In news storm, even a super typhoon can't break through
It packed 180 mph winds, and only four recorded storms have struck land with greater force. It was the strongest storm to hit the U.S. since 1935.
It killed one person, injured more than 100 and may leave parts of the northwestern reaches of the United States — home to 55,000 residents — without power for months. President Trump approved a major disaster declaration.
On Thursday, Super Typhoon Yutu hit the Commonwealth of the Northern Mariana Islands, a chain in the western Pacific Ocean past Hawaii, near Guam. By late Friday, the news on the mainland about the typhoon was hard to find. The networks had moved on to the capture of a Trump supporter charged with mailing bombs to, among others, two former presidents, a vice president and CNN. By Saturday, TV stations went live tracking the mass shooting in a Pittsburgh synagogue in which 11 people were killed and six injured, including four police officers.
And what of Yutu coverage then? Crickets, wrote the Huffington Post.
"Not all U.S. cyclones get equal treatment," the HuffPost headline read. It quoted a local lawmaker as saying, "We want people to remember we are Americans and we exist.”
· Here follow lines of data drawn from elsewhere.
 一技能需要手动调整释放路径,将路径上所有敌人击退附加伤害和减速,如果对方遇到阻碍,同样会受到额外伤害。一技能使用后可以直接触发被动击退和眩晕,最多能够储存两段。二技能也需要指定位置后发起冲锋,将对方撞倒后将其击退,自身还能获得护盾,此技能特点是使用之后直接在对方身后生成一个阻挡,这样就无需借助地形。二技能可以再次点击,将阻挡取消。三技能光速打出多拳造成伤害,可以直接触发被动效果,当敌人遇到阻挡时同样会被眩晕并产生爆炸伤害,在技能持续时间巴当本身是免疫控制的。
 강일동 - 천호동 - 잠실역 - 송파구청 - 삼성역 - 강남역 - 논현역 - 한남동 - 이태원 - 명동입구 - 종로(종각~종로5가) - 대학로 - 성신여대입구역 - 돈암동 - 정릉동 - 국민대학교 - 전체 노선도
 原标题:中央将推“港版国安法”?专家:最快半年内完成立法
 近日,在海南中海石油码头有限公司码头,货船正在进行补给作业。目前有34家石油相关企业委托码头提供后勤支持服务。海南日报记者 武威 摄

The argument: U.S. territories get fewer resources and attention than the 50 states. That argument frequently was made during the slow and inadequate early federal response to Hurricane Maria last year in Puerto Rico and the U.S. Virgin Islands. Guam, recently struck by Typhoon Mangkhut, also raised awareness about more intense storms and their threats to U.S. territory.
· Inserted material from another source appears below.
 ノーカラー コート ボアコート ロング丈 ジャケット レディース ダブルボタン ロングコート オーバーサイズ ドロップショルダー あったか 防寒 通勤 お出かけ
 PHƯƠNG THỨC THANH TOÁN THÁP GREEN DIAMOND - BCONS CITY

Allyson Chiu, part of a three-reporter team bylining Washington Post typhoon stories last week, battled more than indifference in reporting. Chiu, who was born and raised in Guam and had worked at the Pacific Daily News there, had contacts there and in the Marianas' Saipan from a stringer. But people lucky enough to have communications were told to stay off cellular phones, to keep channels free for emergency responders.
“I basically had to rely on WhatsApp to get people,” said Chiu, who works for The Post's overnight Morning Mix unit. In a telephone interview, she told me that, as an islander, "It was hard not to be in the islands (during the storm). You see the pictures. We’ve weathered the storms ourselves.”
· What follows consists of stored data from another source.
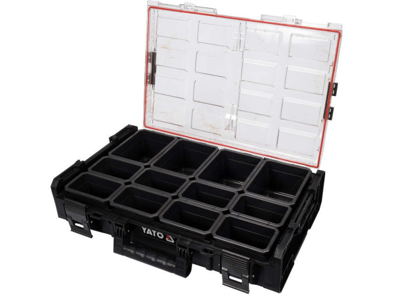 Allows convenient storage and transportation of small itemsós. In the YATO crate system, it serves as a base organizer, allowing you to combine crates with subsequent organizers.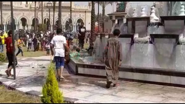 وأثار المشهد استياء الكثير من المترددين على المسجد لأداء صلاة الجمعة، بالتزامن مع الاحتفال بمولد سيدي عبدالرحيم القنائي، وطالبوا مسؤولي مديرية الأوقاف وإدارة المسجد بالتدخل، حفاظًا على الشكل الحضاري للمسجد، ومنع الأطفال من الاستحمام واللهو داخل النافورة.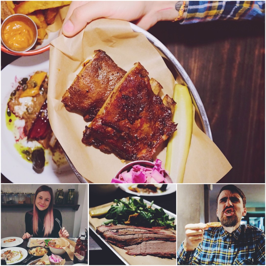 Čerstvé maso na foodie trhu Barcelony! Doslova. Podnik je celkem krátce otevřený a zase mi ho doporučila barcelonská foodblogerka. Je zaměřený na maso (hlavně žebra), uzenou chuť a pickles. Když se posadíte do patra, možná uvidíte do otevřené kuchyně, odkud se line neuvěřitelně uzená vůně. Objednali jsme si dva masové hlavní chody a k nim asi 5 různých příloh, protože jsme chtěli ochutnat. Co vám budu povídat, na dezert zase nezbylo místo, ale byla to teda lahoda. Pokud jste masožravci a chcete se zašít do temného prostoru vonícího kouřem a jíst umaštěnýma rukama ze smaltovaných talířů, tohle je to místo.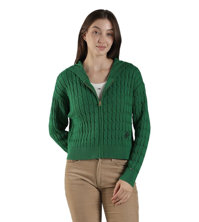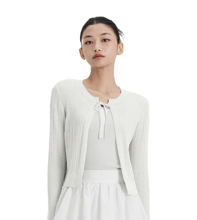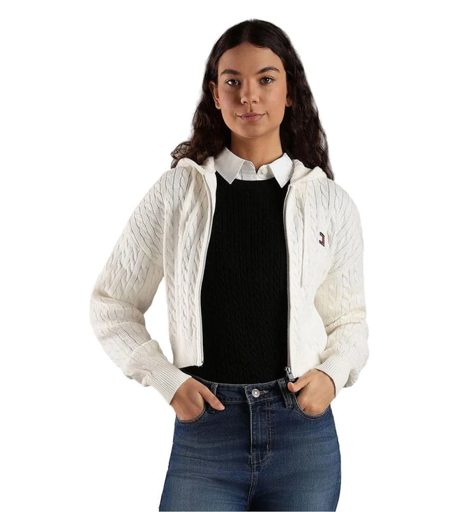 Ancient White Regular Fit Cotton Hooded Neck Cardigan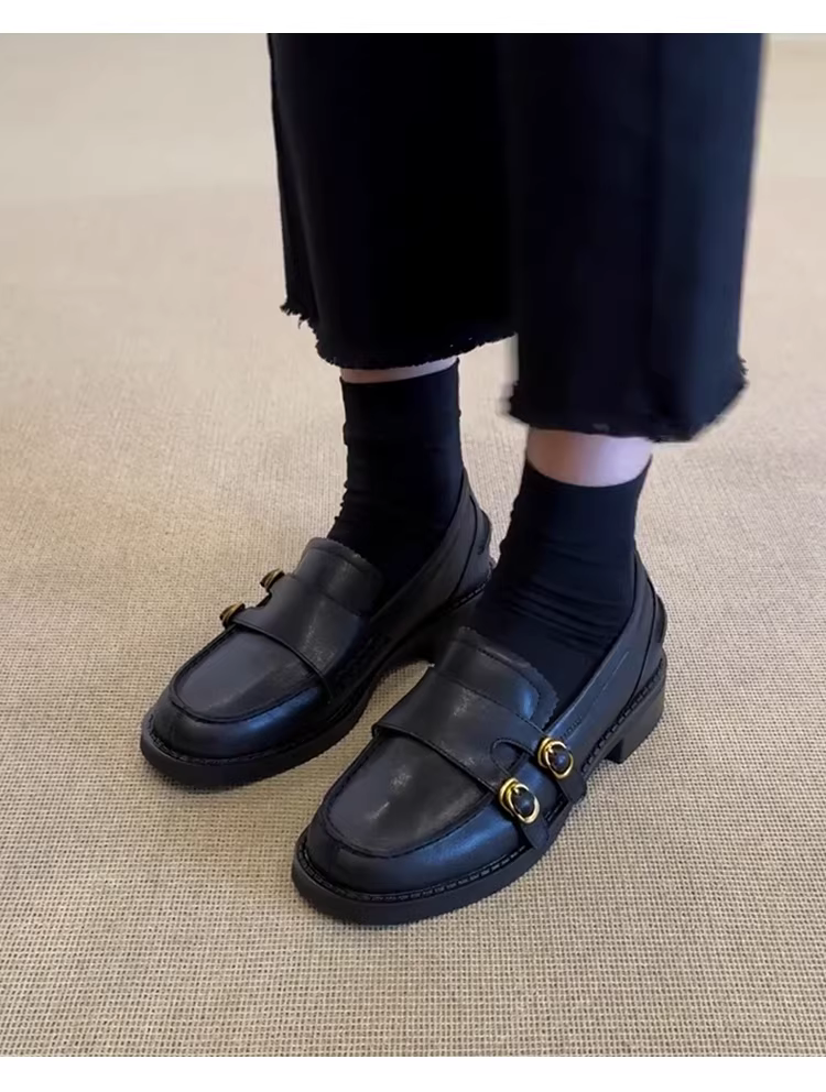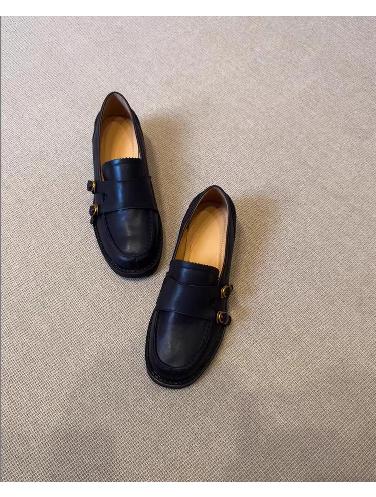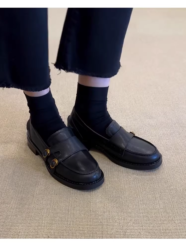 - Phiên bản da cừu ~ Giày lười đa năng đế thấp kiểu retro mới dành cho nữ, giày lười da thật mũi tròn hai hàng khuy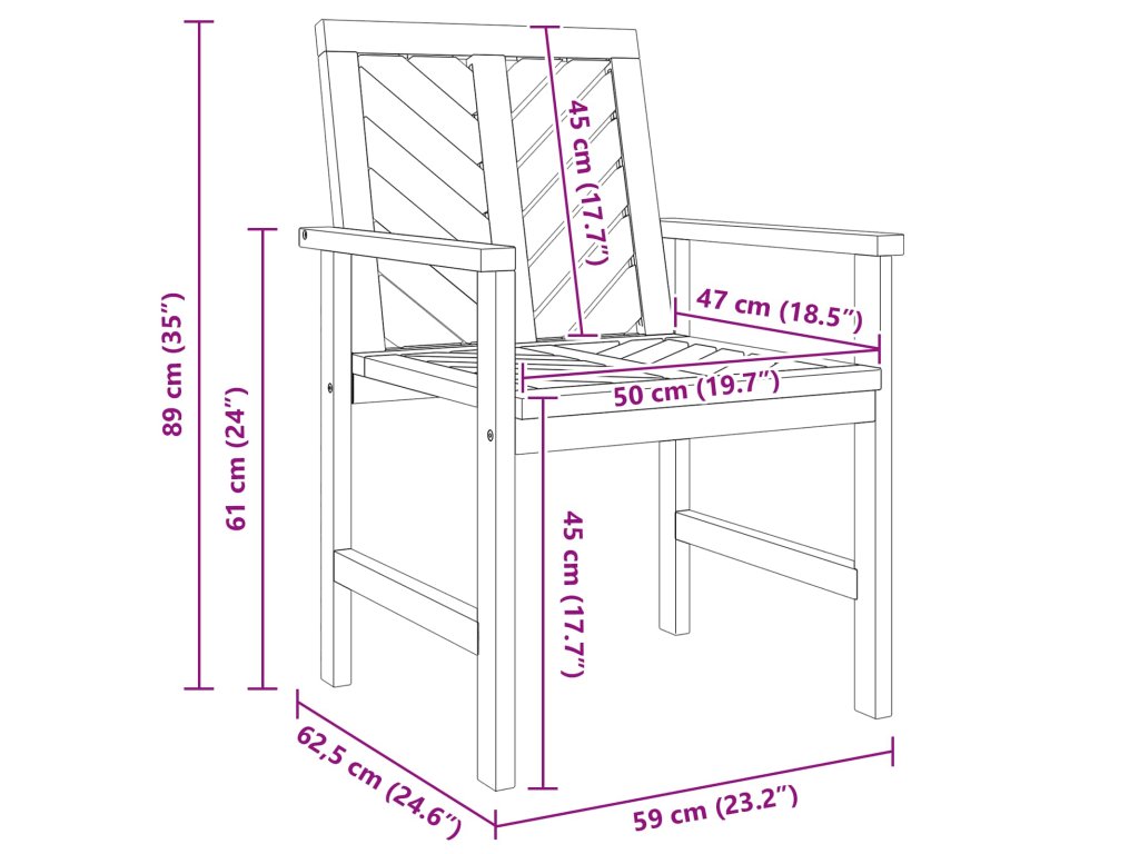 - 2 x židle: 62,5 x 59 x 89 cm (D x Š x V)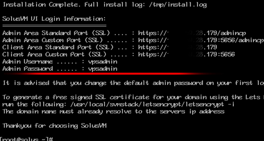 Note: Don't forget to change your default username and password for SolusVM. The default username/password is not secure, and it is easy for anyone to access your panel with them.
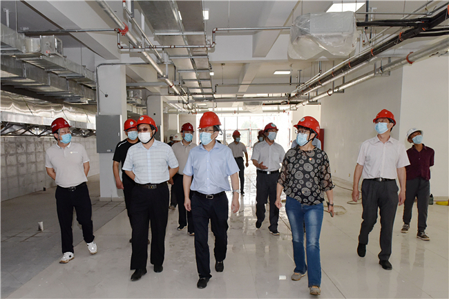 在教室、学生公寓、餐厅等项目施工现场,徐剑波与现场负责同志边走边聊,听取关于建设情况的汇报,仔细查看各个楼宇内部设计布局和具体设施安装情况,详细了解项目建设进展情况、具体使用功能,关切询问施工建设中存在的困难和下一步工作计划,叮嘱大家要随时沟通交流,及时发现、解决出现的问题,嘱咐一线工程人员要注意适当休息,保持好的工作状态。

Chiu said interest in the region has been particularly high in states where some residents have settled, such as Hawaii, California and Washington.
Chiu advised others reporting on the region to pay attention to the Pacific Daily News and to KUAM, and to regional NOAA and National Weather Service officials. She suggests following the work of journalists Jasmine Stole Weiss, Haidee Eugenio and Masako Watanabe.
In her reporting, even amid turmoil — one Saipan resident said "we’re all grateful to God to be alive" — Chiu encountered a can-do spirit infused by genuine warmth and friendliness. She noted a confidence among islanders that, working together, they could pull through.
"The storms — they won't break us," she said.
TARGETING CNN: A suspicious package was addressed to CNN’s Atlanta headquarters but intercepted by a postal authorities. It was apparently similar to two pipe bombs sent to CNN last week, part of an array of explosive devices sent to people and institutions criticized by Trump.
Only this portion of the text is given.